In early 1926, Hemingway was to spend a few months re-drafting and re-writing the manuscript for The Sun Also Rises, but late 1925 he set about freeing himself from his contract with Boni & Liveright. Beginning in the fourth week of November and completing it in just ten days, he wrote a 30,000-word long novella sending up his friend and benefactor Sherwood Anderson’s latest novel, Dark Laughter.

He always pleaded innocence and claimed, rather pretentiously, that his send-up, which he called The Torrents Of Spring, was merely a call to order to Anderson whose latest work, he insisted, was sub-standard. All the circumstantial evidence suggests otherwise, and Michael Reynolds spells out quite clearly that

The point was to write a short book that Liveright could not possibly accept and simultaneously make it clear to critics that Sherwood Anderson was no longer his literary role model. With Anderson so recently signed to a contract and selling well, Liveright could not afford to offend him with Hemingway’s slapstick, Ernest was counting on their choosing Sherwood and setting himself free to find another publisher.

Both his wife Hadley and friend John Dos Passos were shocked that he should send up Anderson in such a manner and urged him not to submit it for publication. But Scott Fitzgerald, for whom getting Hemingway to join him at Scribner’s had become a serious project, and his soon-to-be mistress Pauline Pfeiffer egged him on. His scheme worked: the manuscript for The Torrents Of Spring was typed up and mailed off to Boni & Liveright in New York by the beginning of the second week of December.

Three weeks later, by now in Schruns, Austria, where he was spending Christmas with his family, Hemingway received a telegram from Horace Liveright rejecting manuscript and telling him he was looking forward to receiving the manuscript for his other novel. Hemingway immediately wrote an odd and ambiguous letter to Scott Fitzgerald that both confirmed and denied that submitting The Torrents Of Spring manuscript was just a ploy to get out of his contract. He told Fitzgerald

I have known all along that they could and would not be able to publish it. I did not, however, have that in mind in any way when I wrote it . . . So I am loose.

Three weeks later he replied to Liveright with an ultimatum he knew would be rejected: either publish the manuscript he had submitted — in good faith, he insisted — or he would consider himself free to go to another publisher. The fact that he knew other publishers, especially Scribner’s, were interested in signing him will have boosted his bravado.

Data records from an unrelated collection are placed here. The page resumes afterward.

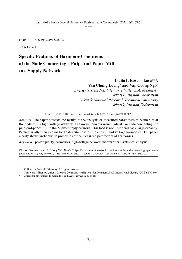 Библиографическое описание:Kovernikova, Lidiia I... Specific Features of Harmonic Conditions at the Node Connecting a Pulp-And-Paper Mill to a Supply Network = Особенности параметров режимов гармоник в узле присоединения целлюлозно-бумажного комбината к питающей сети / L. I. Kovernikova, V. C. Luong, V. C. Ngo. - Текст : непосредственный // Журнал Сибирского федерального университета. Техника и технологии. - 2020. - Т. 13, № 1. - С. 38-51 : рис. - Библиогр.: с. 50-51. - ISSN 1999-494X.
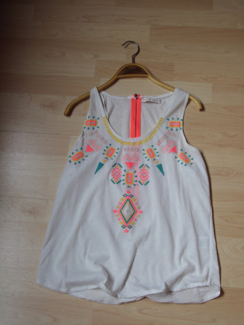 Quelques jours avant j’avais pris ce petit haut léo( accro moi?). Il existait en vert, rose, et orange. J’ai pris celui là et j’aime beaucoup. Il a un joli dos, et à 7€, je ne prends pas beaucoup de risque. Au lieu de 13 il me semble.
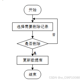 用户选择需要删除的记录后,系统判断是否确认删除。若未确认,返回选择环节;若确认删除,则更新数据库,删除对应记录,完成操作后流程结束。删除信息流程图如图3-9所示。

But he wasn’t quite as confident as he sounded, and rather than let the matter drag on for weeks or even months as letters made their way to and fro across the Atlantic, he decided to resolve the matter face toface. He left Europe for New York on February 3 (after five-day stopover in Paris to visit and go to bed with Pauline Pfeiffer), and the day after he arrived on February 9, he met Horace Liveright, who simply threw in the towel and Hemingway was free. He then made his way to the Scribner’s office where despite not having seen a word of the new novel Perkins offered him a contract. Max Perkins (above left) also agreed to publishing The Torrents Of Spring (his agreement to do so was crucial from a legal point of view) and asked Hemingway to return the following Tuesday to sign his contract and view the dustjacket for The Torrents. The Hemingway legend was about to be launched.